Amplification of pfk13 gene and targeted sequencing

The pfk13 propeller domain was amplified by nested PCR using PuReTaq Ready-To-Go PCR beads (GE Healthcare UK Limited) according to the manufacturer’s protocol. We used primers kelch-outer-F 5′-gggaatctggtggtaacagc-3′ and kelch-outer-R 5′-cggagtgaccaaatctggga- 3′ for the primary PCR, and kelch-inner-F 5′-gccttgttgaaagaagcaga-3′ and kelch-inner-R 5′- gccaagctgccattcatttg-3′ for the nested PCR. The nested PCR product was 849 bp and corresponds to nucleotide sequence 1279–2127 (representing codons 427–709) of PF3D7_1343700 K13 propeller domain, which included mutations correlated with delayed parasite clearance [10]. The ready-to-go PCR beads were reconstituted to a final volume of 20 μL in the primary reaction, 2 μL of DNA was amplified with 0.5 μM of each primer. Cycling conditions were 95 °C for 1 minute, followed by 35 cycles at 95°C for 20 seconds, 58 °C for 20 seconds, and 60 °C for 1 minute, with a final extension at 60 °C for 3 minutes. One microlitre of the primary reaction was further amplified with 0.5 μM of each primer in the nested PCR reaction. Cycling conditions were 95 °C for 1 minute, followed by 35 cycles at 95 °C for 20 seconds, 56 °C for 20 seconds, and 60 °C for 1 minute, with a final extension at 60 °C for 3 minutes. Nested amplicons were analysed by electrophoresis on a 2% agarose gel to confirm amplification. We purified the nested amplicons using ExoSAP-IT (Affymetrix, Santa Clara, CA, USA), and we sequenced them using BigDye Terminator v.1.1 (Life Technologies, Carlsbad, CA, USA) and the same primers as for nested PCR (kelch-inner-F and kelch-inner-R). We carried out sequencing using an Applied Biosystems 3500 XL series Genetic Analyser at ACEGID, Redeemer’s University, Ede, Osun State, Nigeria.

Data analysis

Identification of polymorphisms

Chromatograms of the individual sequences were viewed using Geneious v2020.0.4 [24, 25] and manual base calling was carried out as needed for some of the sequences. Consensus sequences were generated for all samples. The consensus sequences were generated by first aligning the forward and reverse reads for individual samples using Geneious alignment. A consensus was reached from the resulting alignment by choosing the highest quality base and also carrying out manual base calling for regions of ambiguities. To detect polymorphisms in the sequences encoding the pfk13 propeller gene, we obtained the reference nucleotide sequence of the pfk13 gene from the NCBI database (PF3D7_1343700 sequence region spanning region 1,724,817–1,726,997 bp of chromosome 13). We mapped the consensus sequences of the samples to the reference gene sequence using Geneious v2020.0.4.

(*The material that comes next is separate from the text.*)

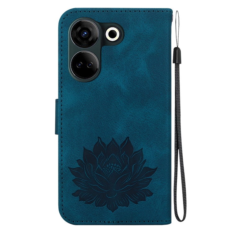 Funda de Cuero para Tecno Camon 20 y Camon 20 Pro 4G con Relieve de Loto (Azul Oscuro)
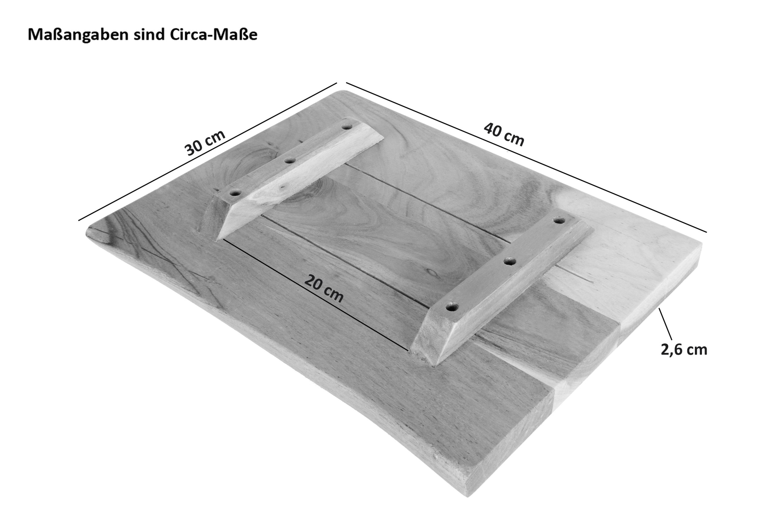 - Gesamtlänge: ca. 40 cm | Gesamtbreite: ca. 30 cm | Stärke der Tischplatte: ca. 26 mm

Statistical analysis of treatment outcome

Discrete variables (such as proportions of frequencies) were compared by calculating χ2 using Yates’ correction, Fisher’s exact or Mantel Haenszel tests. Normally distributed, continuous data were analysed by Student’s t-test or analysis of variance (ANOVA) as it is applicable. Mann–Whitney U tests or Kruskal Wallis tests (or by Wilcoxon ranked sum test) was used to compare data that did not conform to normal distribution. P values of <0.05 were taken to indicate significant differences.

Results

Demographics

Of the 300 participants’ samples analysed, 165 (55%) were male. The mean age of all children was 58.42±25.71 months (95% confidence interval (CI) 55.71–61.52). The geometric mean of the asexual parasitemia was 17,765 μL-1 (95%CI 15498–20363) (Table 1). Children enrolled in Kano State were significantly (p<0.0001) younger and had significantly (p = 0.046) lower enrollment asexual parasitaemia compared to children enrolled in other States (Table 1).

Table 1

Demographic characteristics of children at enrollment.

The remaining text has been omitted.